I saw the master list of where to have plastisol transfers made, but I am looking for stock transfer sites. I already know about Boo-Z, Pro-World and Dowling. Is there a list out there that I missed?

Thx


----------



## treadhead (Jul 26, 2006)

roadkilltshirts said:


> I saw the master list of where to have plastisol transfers made, but I am looking for stock transfer sites. I already know about Boo-Z, Pro-World and Dowling.
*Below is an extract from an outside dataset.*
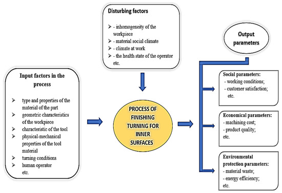 The systemic analysis is a way of approaching a problem in manufacturing, in which the investigated process or equipment is treated as a system, with input factors and output parameters. The use of systemic analysis allows a complete identification of the factors likely to affect the values of the output parameters, and possibly how the input factors influence the values of the output parameters. The disturbing factors can also be highlighted using the systemic analysis. Disturbing factors are those whose values cannot be adjusted by users but can influence the output parameters’ values. Research concerns have sought to address sustainability issues as a system, using principles from the systemic analysis [12,13,14,15,16]. In the case of the problem addressed in this paper, i.e., the sustainable manufacture of technology for finishing the inner surfaces of bearing bushes, the use of systemic analysis will have to facilitate the identification of those factors capable of affecting the accuracy of the inner surface of the bearing bushing by applying a finishing turning.

Is there a list out there that I missed?
> 
> Thx


There are several others I'd have to look up but those are three of the biggest.

Oh...thompsontransfers.com also but they carry pretty much the same as ProWorld and Boo-Z.

John


----------



## Lnfortun (Feb 18, 2006)

roadkilltshirts said:


> I saw the master list of where to have plastisol transfers made, but I am looking for stock transfer sites. I already know about Boo-Z, Pro-World and Dowling. Is there a list out there that I missed?
> 
> Thx


Here are some.

*Air Waves*, *Barber & Company*, *Dixie Traditions*, *Dowling Graphics*, *F & M Expressions*, *Free Time*, *Global Impressions*, *Impulsewear*, *Legends In Grey*, *MBS Love Unlimited*,* Next Graphics*, *Redbear*, *Smartwear*, *Springhill Wholesale*, S*unart*, *Doodle Fashions*, *Wildside*, and *X-It*. 

Good luck.

Luis


----------



## treadhead (Jul 26, 2006)

lnfortun said:


> Here are some.
> 
> *Air Waves*, *Barber & Company*, *Dixie Traditions*, *Dowling Graphics*, *F & M Expressions*, *Free Time*, *Global Impressions*, *Impulsewear*, *Legends In Grey*, *MBS Love Unlimited*,* Next Graphics*, *Redbear*, *Smartwear*, *Springhill Wholesale*, S*unart*, *Doodle Fashions*, *Wildside*, and *X-It*.
> 
> ...


Hey Luis...

Excellent list!!! I'll have to check some of these out.... 

John


----------



## roadkilltshirts (Jan 20, 2007)

do you have the websites for these?


----------



## AustinJeff (May 12, 2007)

Check out this thread: * [PLASTISOL TRANSFERS] - a review of 8 different custom plastisol transfer screen printers*


----------



## COEDS (Oct 4, 2006)

I think Ace Transfer Company is the best place for custom transfers.I like airwaves and proworld for stock transfers.GOOD LUCK. ...JB


----------



## Lnfortun (Feb 18, 2006)

roadkilltshirts said:


> do you have the websites for these?


Here is a link to a list of some of them:

Heat Transfer Directory for Clothing

Luis


----------